▶ _Exercise materials_
◆ ◆ ◆
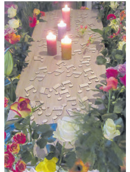
Een mooi afscheid dat past bij de overledene.

Lumen uitvaart is 24 uur per dag, 7 dagen per week bereikbaar op: 06 20822260. Zie ook www.lumenuitvaart.nl of volg Lumen uitvaart op Facebook.
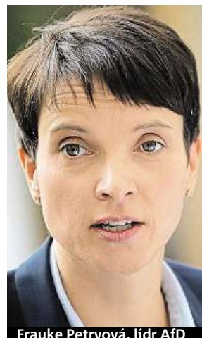
Frauke Petryová, lídr AfD
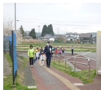
【左右確認を確実に】
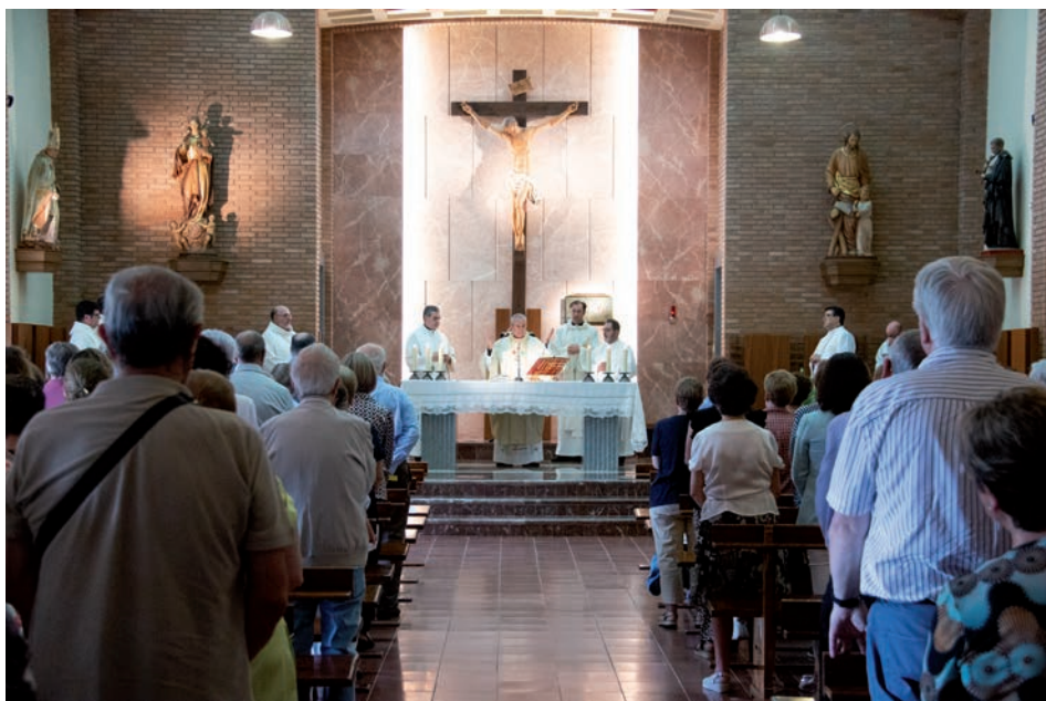
En la misa concelebraron varios sacerdotes de la diócesis

Martín señaló que «Cáritas es cercanía, compasión y ternura. Somos Iglesia al servicio de los pobres y Cáritas tiene que ser el cauce de la caridad en la comunidad. Ya que no hay Cáritas sino es desde la comunidad cristiana, y no hay comunidad cristiana sino vive y cuida la dimensión caritativa y social de la Iglesia».
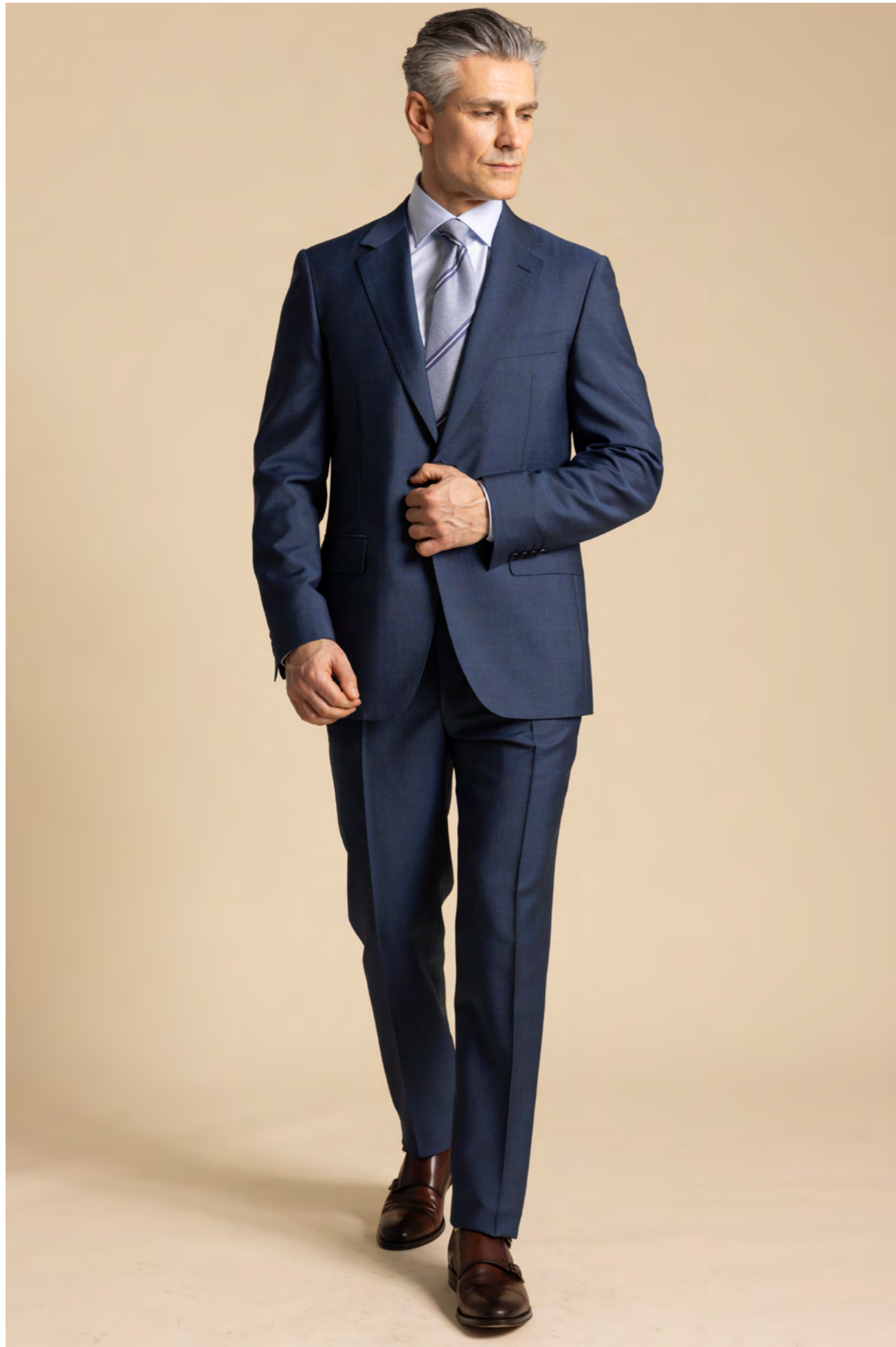
Canali Jakkesæt 12.000 kr.
◆ ◆ ◆
▶ _Exercise details_
All lines of the listing must be given again exactly, excluding the pictures.

▶ _Written response_
Een mooi afscheid dat past bij de overledene.

Lumen uitvaart is 24 uur per dag, 7 dagen per week bereikbaar op: 06 20822260. Zie ook www.lumenuitvaart.nl of volg Lumen uitvaart op Facebook.
Frauke Petryová, lídr AfD
【左右確認を確実に】
En la misa concelebraron varios sacerdotes de la diócesis

Martín señaló que «Cáritas es cercanía, compasión y ternura. Somos Iglesia al servicio de los pobres y Cáritas tiene que ser el cauce de la caridad en la comunidad. Ya que no hay Cáritas sino es desde la comunidad cristiana, y no hay comunidad cristiana sino vive y cuida la dimensión caritativa y social de la Iglesia».
Canali Jakkesæt 12.000 kr.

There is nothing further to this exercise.